Policy Watch: Greens launch renewable energy plan to address key policy gap

Screen Shot 2013-07-14 at 6.32.41 PMAt the weekend, the Australian Greens released the second tranche of its Clean Energy Roadmap. The plan addresses a critical gap in Australia’s energy policy architecture and would help drive the shift to 100 percent renewable energy.

The Clean Energy Roadmap deals with a key shortcoming of the Gillard Government’s carbon price–namely, the lack of support for enabling infrastructure.

Building new transmission lines to renewable energy hotspots does not directly reduce emissions, therefore, such projects do not benefit from the carbon price or offset markets. The critical infrastructure is also beyond the capacity of the private sector due to high capital costs and the lack of short-term profitability. The Greens call for public investment and long-term vision would open up new regions for sustainable development.

The expanded grid infrastructure will allow Australia to follow the lead of South Australia, which now meets around 30 percent of its electricity demand from renewable energy sources. The high penetration of wind energy in that state is cutting carbon emissions from coal and putting downward pressure on electricity prices.

Grid expansion projects to tap renewable energy resources, similar to what the Australian Greens have proposed, are now underway in the United States. The forward-looking company Google has invested in a $5 billion undersea grid off the Atlantic coast to facilitate offshore wind farm projects. They know that the future of the energy system will be powered by renewable sources. Lack of action on this critical infrastructure in Australia is holding back our energy sector.

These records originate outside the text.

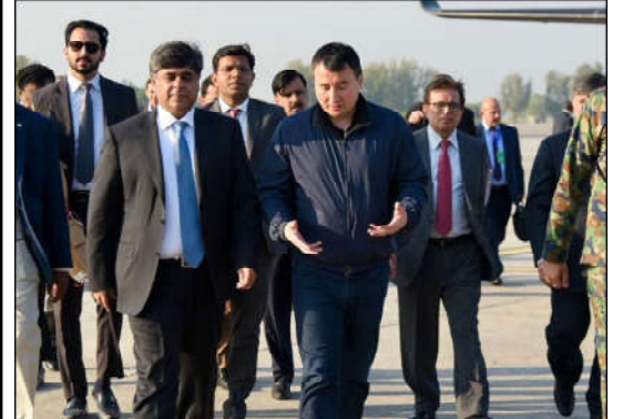
ISLAMABAD: Federal Minister for Commerce & Industries, Dr. Gohar Ejaz receiving Deputy Prime Minister of Uzbekistan for Trade and Investment Dr. Jamshed Khodjaev at Nur Khan airbase.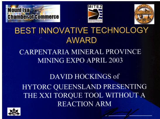
XXI and DISC Best Innovative Technology Award Australia 2003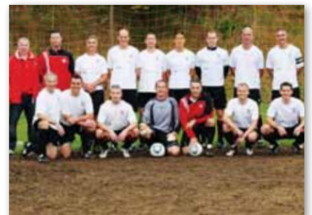
Over 35 Mens Division One KDSA Winners.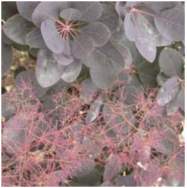
Cotinus coggygria Smoke Tree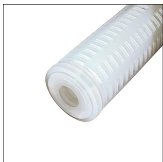
Flat (for 213)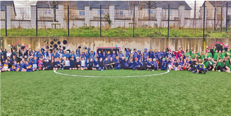
Young camogie players at the blitz in Greystones

Our Young Whistlers from various schools did a brilliant job with officiating the games. Credit must also go to all the teachers, SNAs and parents who volunteer to train and bring teams to events such as these throughout the year. Finally, a massive thanks has also to go to Greystones CNS who hosted the event on the day. The abundance of young camogie players in the North Wicklow area is a testament to the huge potential that lies within the future.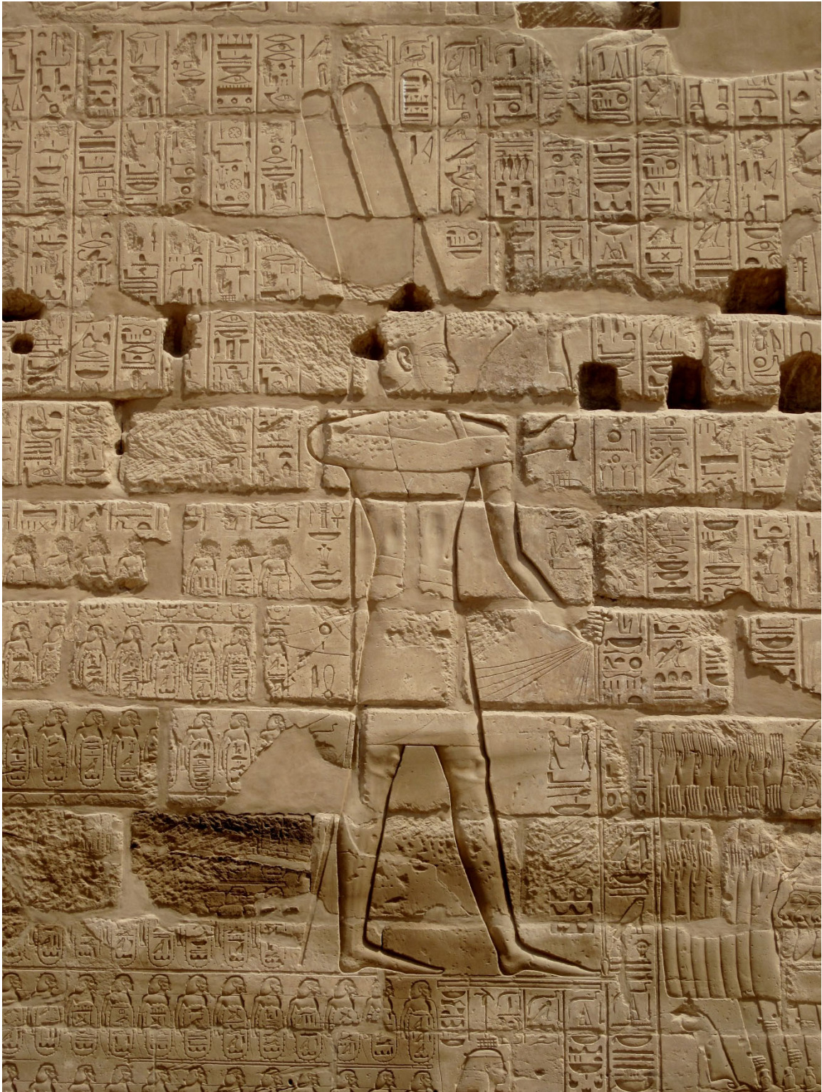
The Triumphal Relief of Shoshenq I near the Bubastite Portal at Karnak, depicting the god Amun-Re receiving a list of cities and villages conquered by the king in his Near Eastern military campaigns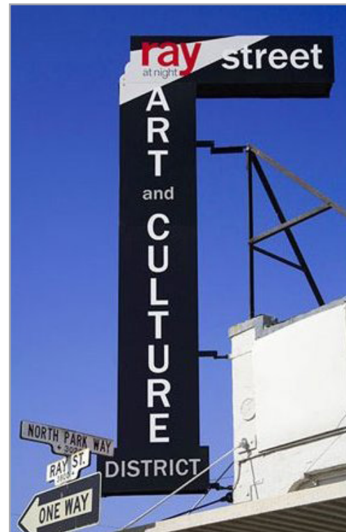
The growth and popularity of North Park's art, culture, and entertainment district has been major a contributing factor in North Park's revitalization.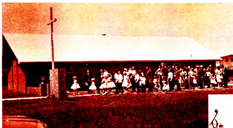
Haltom City congregation on Easter Sunday, 1963.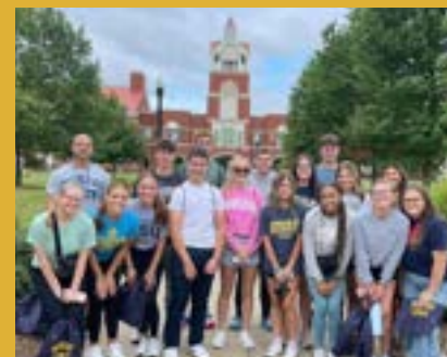
Murray State College Tour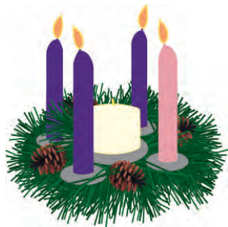
4th Week of Advent

Next Sunday: Sir 3: 2-6, 12-14/1Sm 1: 20-22, 24-28/Ps 128 (127): 1-2, 3, 4-5 . II/Col 3:12-21/Lk 2: 41-52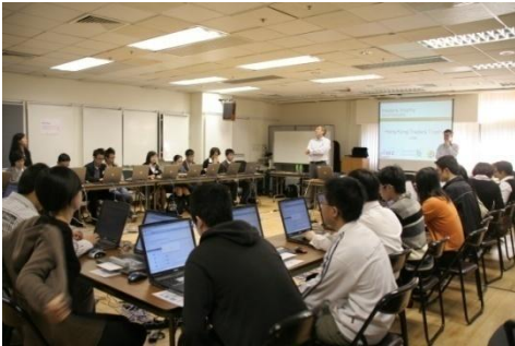
Qualifying round at HKU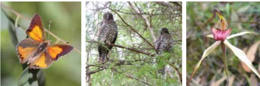
LEFT TO RIGHT Eltham Copper Butterfly ( Paralucia pyrodiscus lucida ), Powerful Owl ( Nixon strenua ) and the Wine-Lipped Spider Orchid ( Caladenia oenochila ).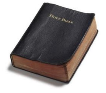
The Bible is the Word of God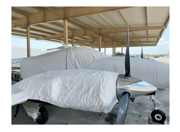
Full Cover Set (58P-020, 58P-225, 58P-405)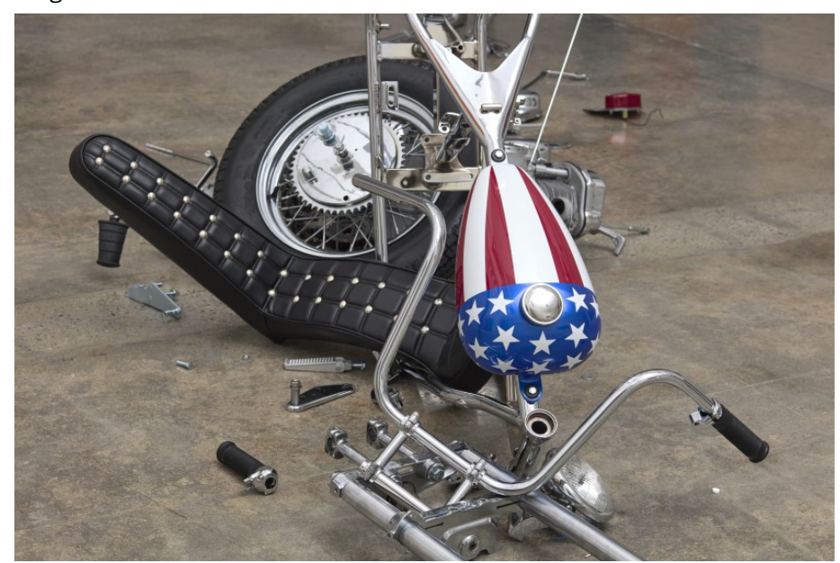
An installation view of "Not So Easy," 2019, by Hank Willis Thomas.

"People bring themselves to the work," he says. "Like how many people does it take to make a movie? .... It's so important to acknowledge them."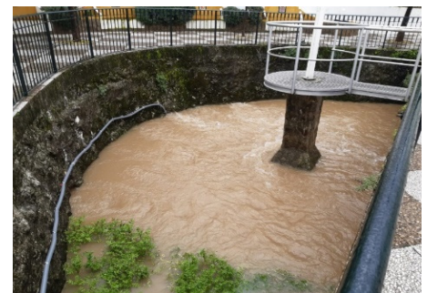
Figure 1: Algarrobal spring at Ubrique test site during a contamination event with high turbidity.

The existence of previous investigations at these study areas exposed that the main water quality issues were related with high turbidity periods and associated fecal contamination after intense rain events that impede groundwater use for water supply population. Thus, in KARMA test sites, spring discharge as well as hydroclimatic and physical-chemical parameters of water (electrical conductivity, temperature and turbidity) were continuously monitored. Furthermore, fluorescence-based techniques and microbiological culture-based methods (i.e. E. Coli ) were commonly used to detect organic and bacteriological contamination. According to the features of each system, specific techniques were applied at each test site to better identify groundwater origins and contaminant transport processes: Cl - and Dissolved Oxygen (DO) in Lez system, Particle Size Distribution (PSD) and bacterial enzymatic activity ( \beta -d-glucuronidase) in Hochifen-Gottesacker and PSD, trace elements and Rn 222 in Ubrique test site.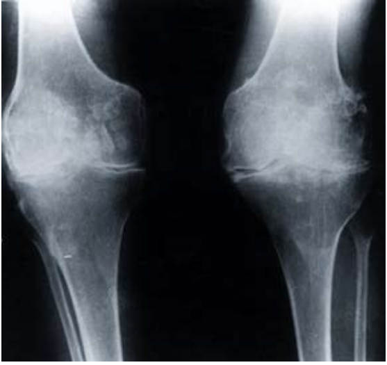
Fig. 2 Radiograph of the knee joints shows degenerative changes and synovial osteochondromatosis.

joints were swollen. Skeletal radiography revealed severe osteoarthritis of all the major joints, including the distal and proximal interphalangeal joints in both hands. In addition, there was synovial osteochondromatosis of both glenohumeral and knee joints (Figs. 1 & 2). Dorsal and lumbar spine revealed platyspondyly, multiple osteophytes and irregular endplates of most of the vertebrae (Fig. 3). Both femoral necks were short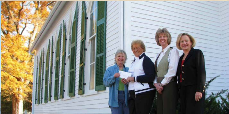
The Poland Historical Chapel check presentation

With high public support for renewable energy, the measures outlined in the Clean Energy Roadmap are good policy and good politics. Poll after poll shows Australians prefer clean renewable energy sources like solar and wind to increasingly expensive and polluting fossil fuels.

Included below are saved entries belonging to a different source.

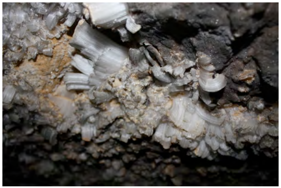
Salt crystals that have formed on a wall in the substructure of the Step Pyramid.

"Underneath the pyramid, in the maze of galleries and corridors, we are also clearing away centuries worth of debris, and working to strengthen the stone, diminishing the risk of cave-ins. This is extremely challenging work, as the rising water table has weakened the bedrock of the Saqqara plateau, and caused massive salt deposits on the walls of these underground tunnels. There are many interesting things underneath the Step Pyramid. Many of the walls were once decorated with blue faience tiles, which imitated the reed mat walls of early Egyptian buildings. Most of these tiles were stolen long ago, but some are still in their original places. There are also scenes of the king running the ritual race that renewed his power and authority during his heb-sed festival. One of the most interesting blocks that we have found under the Step Pyramid is inscribed with the serekh (a motif based on the shape of a palace building, which enclosed the name of a king) of Djoser. The name in the serekh is actually Netjerikhet - we know the king as Djoser only from sources dating to after his reign.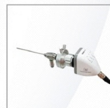
▲ SD Camera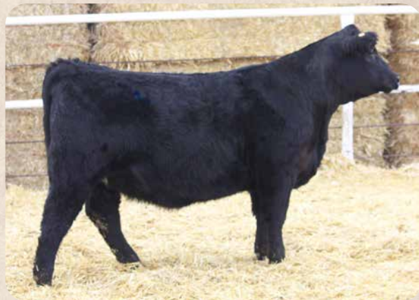
BARKER COMMERCIAL L743 Sells as Lot 130.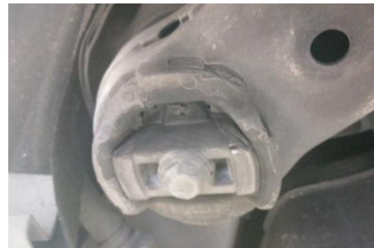
Figure 02 – Cradle Bolts to be loosened.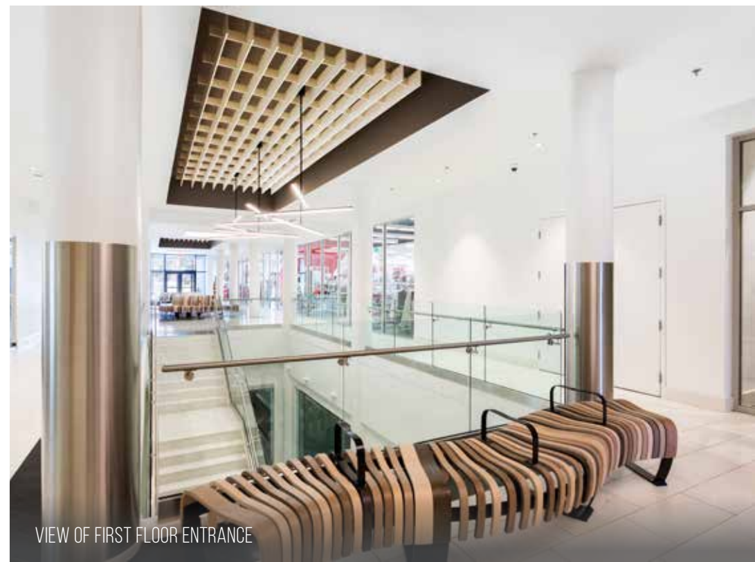
VIEW OF FIRST FLOOR ENTRANCE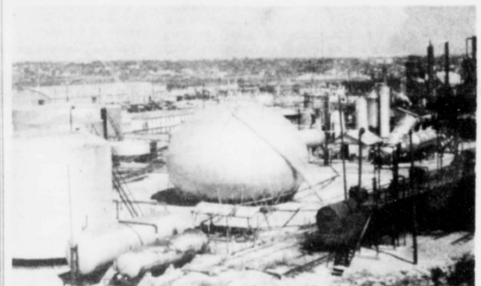
THE TWO PHOTOGRAPHS taken by Tom Jay Goss II show the Col-Tex Refinery during the late 1950's. The refinery was in operation until 1968. In the top picture, LIFE Magazine writer and photographer inspect the oil and gas seeping up from the ground across the refinery. LIFE Magazine went on to do a five-page spread on the once famous "Sunflower Field" which was adjacent to the Col-Tex Refinery.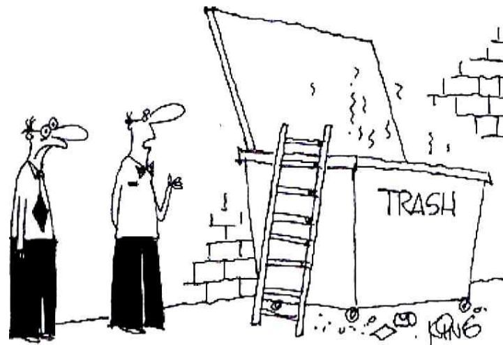
"The smoking section, sir. Enjoy."

The Greens’ roadmap takes a nation-building framework to climate change policy. In a previous era Labor was the party of nation building. Yet, when it comes to climate change and renewable energy, the party has preferred pricing- and market-based measures. One wonders whether PM Kevin Rudd will adopt a nation-building climate change policy to offset the adverse consequences of an early shift to an emissions trading scheme.

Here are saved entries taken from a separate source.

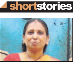
• Nalini Sriharan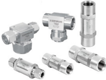
Micron In-line & Tee Filters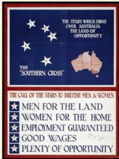
Propaganda recruiting to the British Empire Migration Program, 1924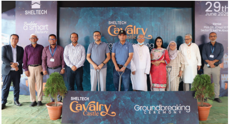
Ground Breaking Ceremony of Sheltech Cavalry Castle

These new developments continue Sheltech's commitment to quality, timely delivery, and elegant, sustainable design in one of Dhaka's most promising residential zones.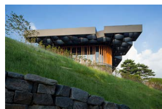
Taekwang Country Club House Gyeonggi-do, South Korea Size: 300 m 2 Year: 2014 - 2015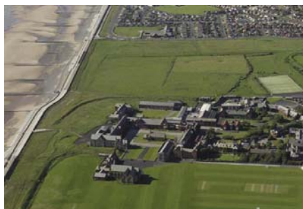
Rossall Campus by the Shore

Rossall is very much at the centre of a region with a rich cultural heritage. The medieval cities of Chester and York are easily accessible by road and rail. Two of Britain’s finest national parks are also close at hand. The Lake District, with its historic connections with famous English literary figures, is just one hour away whilst the Yorkshire Dales is equally accessible: both provide excellent potential for outdoor activities.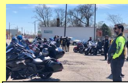
Blessing of the Motorcycles Sunday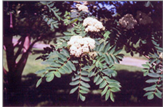
Showy Mountain Ash flowers

This tree should only be grown in full sunlight. It is very adaptable to both dry and moist locations, and should do just fine under average home landscape conditions. It is not particular as to soil type or pH. It is highly tolerant of urban pollution and will even thrive in inner city environments. This species is native to parts of North America.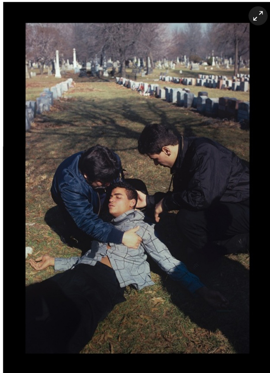
📷 Nina Berman: ‘for the families, it will remain as a shock and a loss.’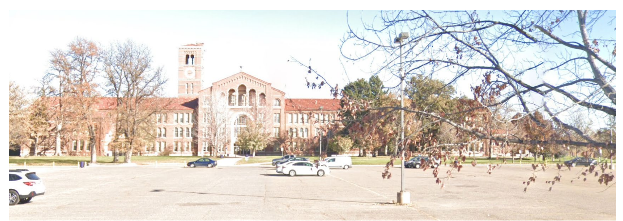
South - View of the property to the south, looking east.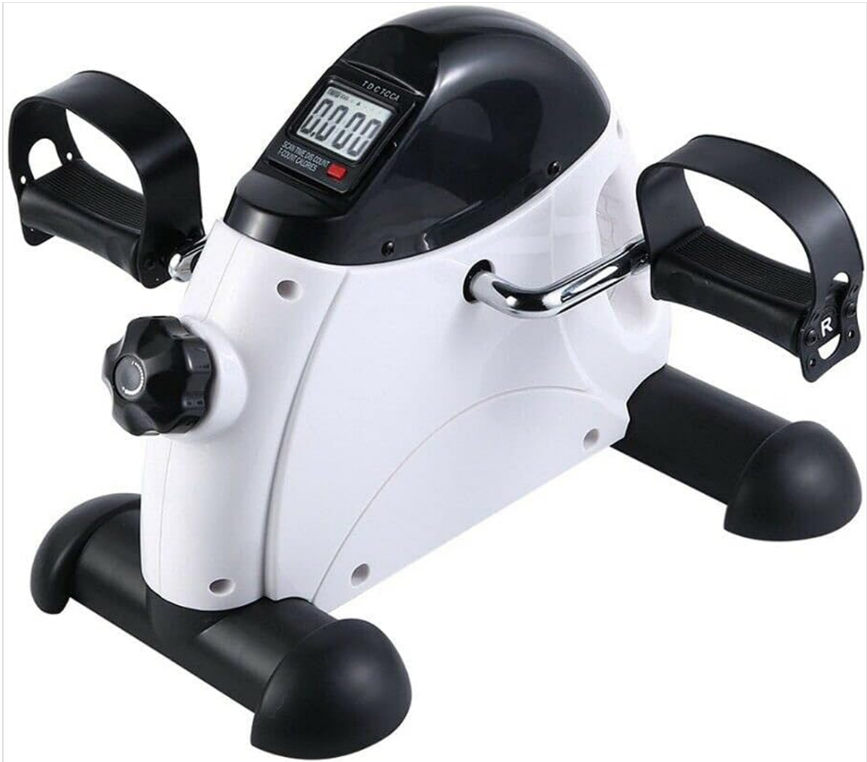
Image: Front view of the Lennox Hacienda Pedal Exerciser, showing the main unit, pedals, and the LCD display at the top.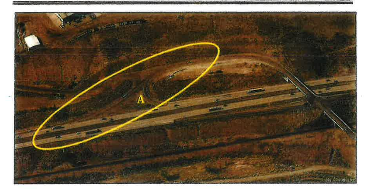
Figure 3.4-32: The images depict the existing infrastructure connecting Lockwood to Interstate 80. The image illustrates an on-ramp with substandard length for safe entry onto the interstate (A), and sharp and narrow curvature which inhibits safe two-way vehicle and truck travel (B).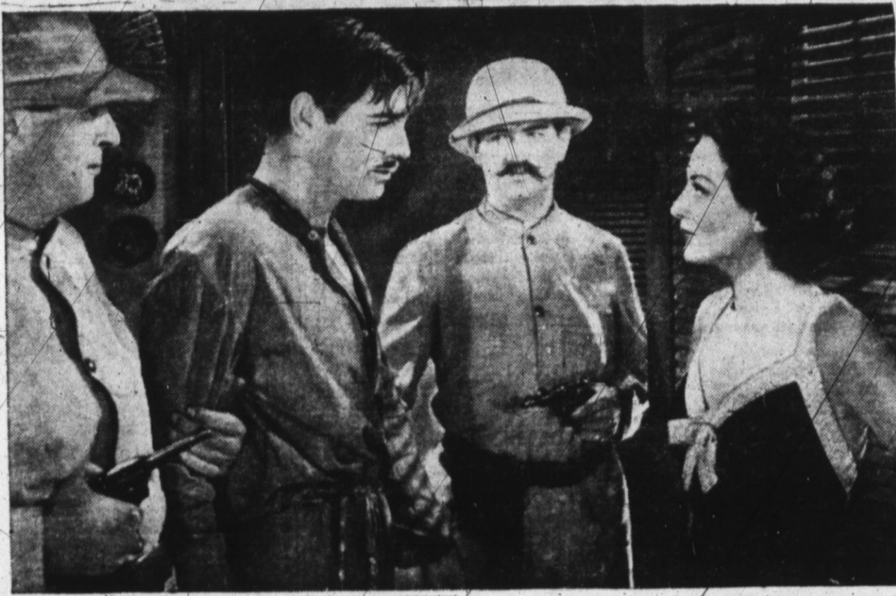
HE-MAN CLARK GABLE and the tempestuous Joan Crawford are starred in this story of the tropics which comes to the Star Theatre Sunday and Monday, March 3 and 4.

Whatever policies Rudd Labor take to the election, they will be more progressive than those of the Abbott-led Coalition. Tony Abbott is opposed to carbon pricing, whether they are fixed- or a market-based prices. This anti-carbon price position is accompanied by an unclear renewable energy policy. Last month, the Coalition split on renewables when rogue Liberal party members fronted an anti-wind farm protest at Parliament House in Canberra. Shadow ministers Greg Hunt and Ian Macfarlane have refused to commit to the 41,000 GWh Renewable Energy Target.